Ce même jour, le 22 octobre 2012, poussée par sa sœur, elle voit un psychologue. Elle lui confie de ses difficultés financières, ses inquiétudes à propos de son fils. Sans plus. Si bien que le médecin ne note « aucun signe » montrant « que Mme Ortega était déconnectée de la réalité ou avait des hallucinations ». A la fin de l’entretien, il diagnostique « un trouble anxieux et une dépression chronique persistante ».
D’autres experts l’ayant examinée durant les cinq années suivant les meurtres expliquent quant à eux que Yoselyn Ortega entend des voix.

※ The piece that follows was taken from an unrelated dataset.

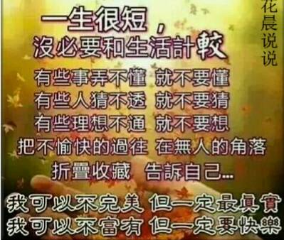 生病前为了讨生活而忙碌着从没去想到这个问题,明天是自己生病住院确诊后至今刚好一年的时间,慢长的2016总算走完了其中的酸痛和种种磨难不言而喻,历历在目,总想淡忘却真是心不由已。但现如今不得不思考人生……人啊,活着活着就老了,剩下的时间真没多少了。钱啊,挣着挣着就没头了,真等死那天都成废纸了。情啊,处着处着就淡了,想要珍惜的时候都再见了。心啊,作践作践就昏暗了,真到开窍时人就完了。父母是对我们最好的,要孝敬点儿;爱人是一辈子相伴的,要体贴点儿;朋友是帮我们最多的,要珍惜点儿;家庭是最离不开你的,要用心点儿。路是自己选的,要慎重点儿;事是自己做的,要认真点儿;命运是无常的,要看开点儿;烦恼是自找的,要躲开点儿;健康是重要的,要矜贵点儿;脆弱是难免的,要坚强点儿;坎坷是必然的,要勇敢点儿;心情是自己的,要愉悦点儿。你再优秀,也会有人把你打入冷宫;你再平凡,也会有人把你视若生命;你再善良,也得碰上知恩图报的人;你再让步,也得碰上知书达理的人。所以:懂你的人别放开,不懂的人请离开;真心的人用心待,无心的情别依赖!用心数数,我们的生命都已经进半。喜欢的就陪伴,讨厌的就离远,开心的就多看,伤心的就不见。掐指算算,以后还有多少时间,够我们浪费,够我们消遣,够我们作践,够我们感叹。好好地活着,简简单单过好生命中的每一天!我们是应该改变一下从前的自己2017年重新开始新的生活。

Une psychiatre citée par la défense assure qu’elle avait montré des « symptômes évidents de psychose » dans les semaines et les mois qui ont suivi les meurtres du 25 octobre 2012. Selon elle, l’accusée a prétendu avoir eu des hallucinations, parlant d’être « touchée par le diable » et de voir « des géants se battre ».
« Son plan était de tuer les enfants Krim »
Pour l’accusation, qui cite elle aussi des psychiatres, les faits ne laissent pas de place au doute quant à la responsabilité pénale de l’accusée. Le jour des meurtres, Yoselyn Ortega s’est débarrassée de son téléphone portable et a laissé ses cartes d’identité et d’assurance à sa sœur. « Elle mettait de l’ordre dans ses affaires, a déclaré l’avocate générale. Quand elle est partie travailler, elle savait qu’elle ne rentrerait pas à la maison. Son plan était de tuer les enfants Krim et ensuite de se suicider. »
Le 25 octobre 2012, un peu avant 17 heures, quand elle s’est rendue pour la dernière fois chez les Krim avec Léo et Lucia, Yoselyn Ortega a demandé au portier si les parents étaient rentrés. Au procès, celui-ci a déclaré que c’était la première fois qu’elle lui avait adressé la parole. Il a répondu qu’il venait de voir Marina Krim et la petite Nessie sortir. La nounou est alors montée dans l’ascenseur avec la poussette où se trouvait Léo, avec Lucia à ses côtés.